### WHAT THE TASK ASKS
Beginning with the line that holds "Donut recheado com" and ending with the last line below, repeat each line exactly, leaving any pictures out.

▼▼▼

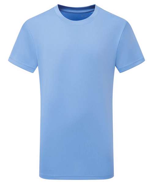 Wicking fabric. Stretch. Crew neck. Short sleeve. Lightweight. Twin-needle stitching on hem and arms. We recommend using block out vinyl and inks.Product contains no branded neck or waist label. Removable Kimble or looped garment tags. Inner seam label holds important product information on one label with a second label containing brand information which can be cut-away. UPF 40+.
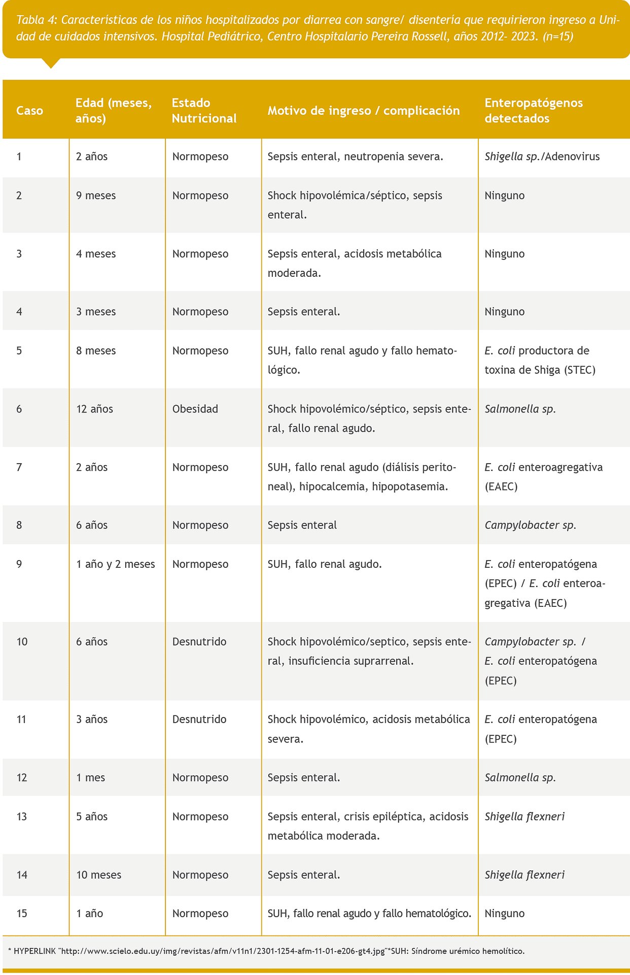 Requirieron ingreso a UCI 6,5% (15/229), mediana de edad 12,06 meses (rango 1 mes – 12 años), mediana de días de hospitalización en UCI fue 4 (rango 1 – 25 días). Todos presentaron complicaciones, la principal fue la sepsis enteral en 10/15, el fallo renal agudo en 5/15, en contexto de síndrome urémico hemolítico (SUH) en cuatro casos y el shock hipovolémico/séptico en 4 casos.
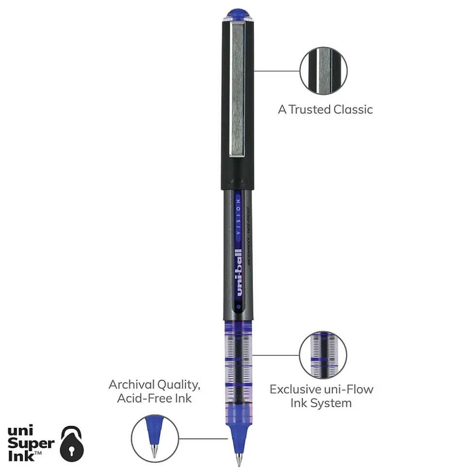 Make your everyday writing easy with the effortless and dependable performance of Vision Rollerball Pens from uniball available in multiple tip sizes. Capped roller pens deliver an even liquid ink lay-down for reliably smooth, vivid lines and a rich color for improved clarity and readability. Great for all writing tasks from taking notes to record keeping with archival quality, acid free roller ink. Innovative uni Super Ink technology forms an indestructible bond with the paper to minimize the risk of check washing or document fraud, while also protecting from water and fading. The exclusive Uni-Flow Ink System ensures a consistent, delightfully fluid writing experience, and a translucent window ensures that you don’t run out of ink unexpectedly. Enjoy beautiful clean lines and give all of your ideas a burst of brilliant color with this classic style rollerball pen.
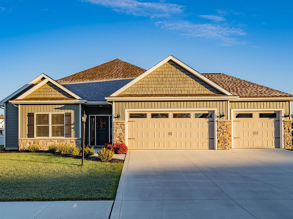 Beautiful, better than new custom built craftsman ranch w/ open concept split bedroom layout & large back covered patio in award winning SWAC school district! Located in desirable Palmira Lakes neighborhood just off W Hamilton Rd N, this immaculate 3 bedroom, 2 full bath home is completely move-in ready w/ lots to love! Completed in April 2021 by Heller Homes, it’s sure to charm from the moment you arrive to well manicured & spacious 0.3 acre lot. Gorgeous both inside & out, attractive exterior is inviting mix of timeless stone, shake & board & batten facade w/ attached 3 car garage. Step through front door w/ twin sidelights into clean & bright atmosphere complemented by upgraded luxury vinyl plank flooring, high quality craftsmanship & impressive 10’ ceilings starting in foyer w/ stylish chandelier through great room, kitchen & nook (9’ ceilings in rest of home). Main living area is big & welcoming allowing everyone to be together even while doing different things. Cozy family area centers around stone gas log fireplace w/ picture windows allowing plenty of natural light & view of back patio. Central island w/ bar overhang seating divides living from gourmet kitchen featuring abundant custom J&M Woodworking cabinets, soft close doors & drawers, oversized walk-in pantry, SS appliances, tile backsplash & quartz countertops. Excellent for entertaining, adjacent dining zone is roomy & nestled beside sliding glass doors to back patio. Split bedroom floorpan gives additional privacy w/ generous primary bedroom off kitchen boasting a luxurious en suite w/ tiled glass 5’ walk-in shower, double sink vanity & walk-in closet. Remaining 2 bedrooms are situated together by main full bath w/ tub/shower. Both are comfortably sized, each w/ walk-in closets & ample storage throughout. Sizable laundry off kitchen/garage entry w/ built-in shelves. Back patio is ideal for relaxing & unwinding after a long day w/ both covered & uncovered portions—there’s even an outdoor fan to help keep you cool & comfortable. Perfect for grilling & dining al fresco! Ceiling fans have also been added to all of the bedrooms, as well as custom blinds PLUS it is an energy efficient home. Newly established community is great for strolling w/ minimal through traffic & several ponds for ambiance. Conveniently located minutes from Illinois Rd w/ easy access to nearby shopping, dining & groceries including Chestnut Plaza & I-69. This one won't last long—reach out today!
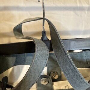 Casual and versatile Lucky Brand tote bag in a faded blue canvas with the brand’s signature 4-Leaf Clover graphic on the front. Features sturdy double shoulder straps, button closure, and a roomy interior – perfect for everyday use, errands, travel, or the gym. Includes Lucky Brand logo charm on the strap for added detail.
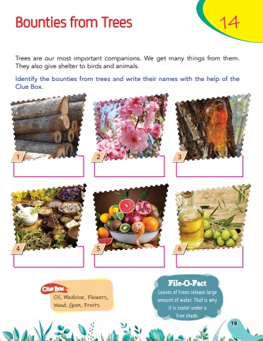 19Bounties from Trees14Leaves of trees release large amount of water. That is why it is cooler under a tree shade.File-O-FactOil, Medicine, Flowers, Wood, Gum, FruitsClue BoxTrees are our most important companions. We get many things from them. They also give shelter to birds and animals.Identify the bounties from trees and write their names with the help of the Clue Box.142536
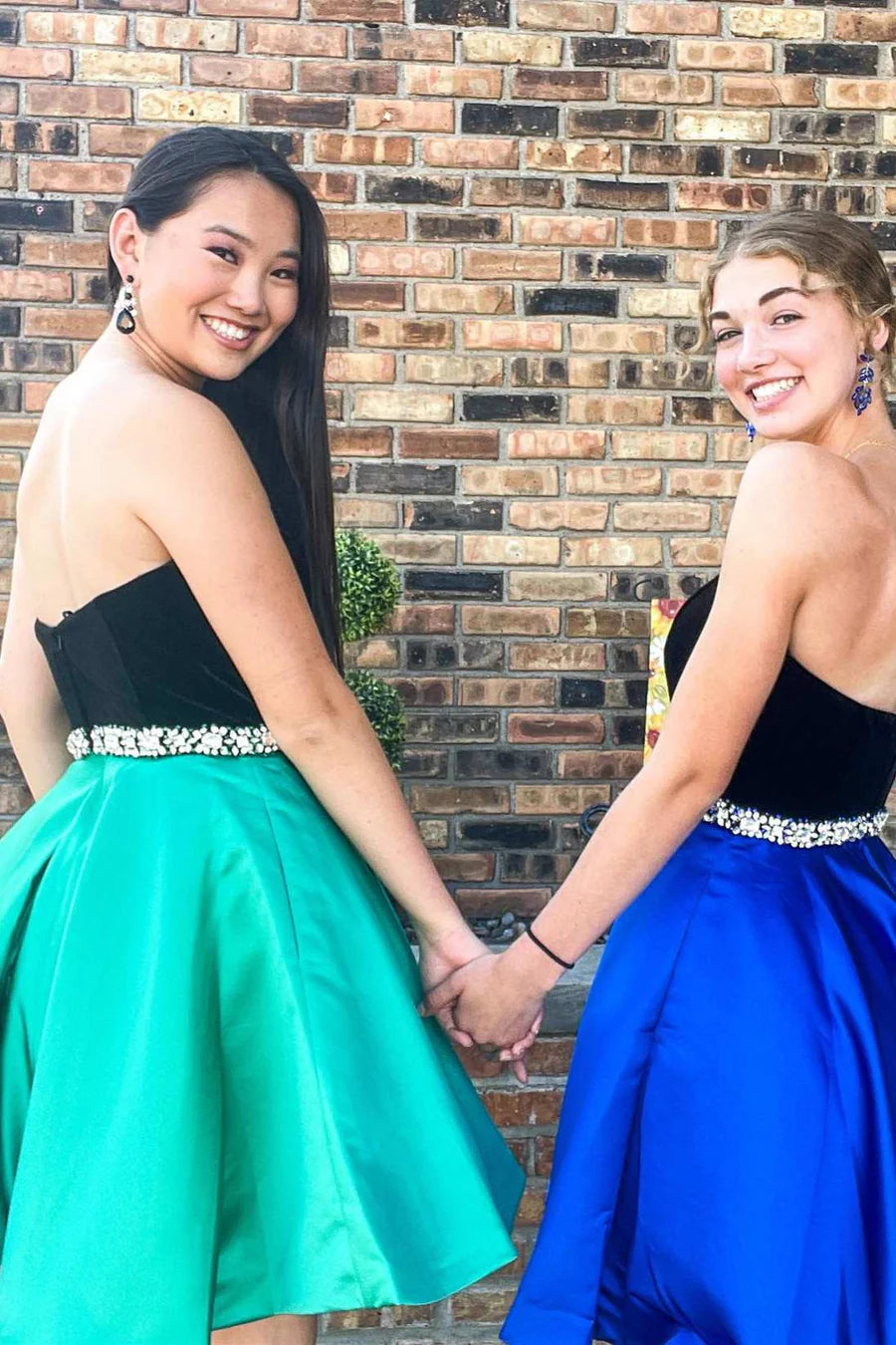 Robe de soirée courte trapèze sans bretelles avec ceinture et poches
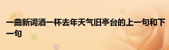 关于一曲新词酒一杯去年天气旧亭台的上一句和下一句这个很多人还不知道,今天菲菲来为大家解答以上的问题,现在让我们一起来看看吧!
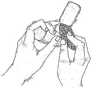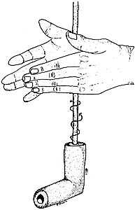 Step 5 - The hole in the pipe bowl was formed using a chipped stone drill hafted to a thin shaft. By holding the pipe between the feet or knees, and rotating the shaft of the hafted drill between the palms of the hands, a hole was slowly formed.
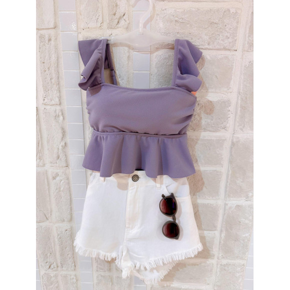 복고적인 인상의 플레어 탑스와 박스 디자인 쇼츠의 비키니입니다♡
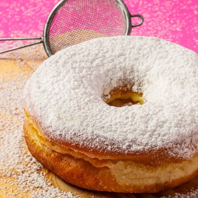 Donut recheado com creme de baunilha com cobertura de açúcar de confeiteiro.
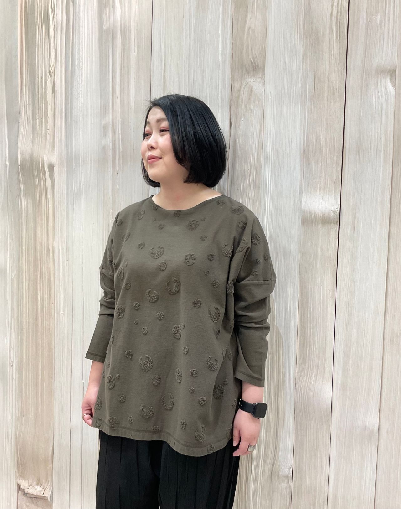 ゆったりとした分量感のクルーネックプルオーバーで気軽に着用できて重宝致します。

▲▲▲

### EXERCISE ANSWER
 Donut recheado com creme de baunilha com cobertura de açúcar de confeiteiro.
 ゆったりとした分量感のクルーネックプルオーバーで気軽に着用できて重宝致します。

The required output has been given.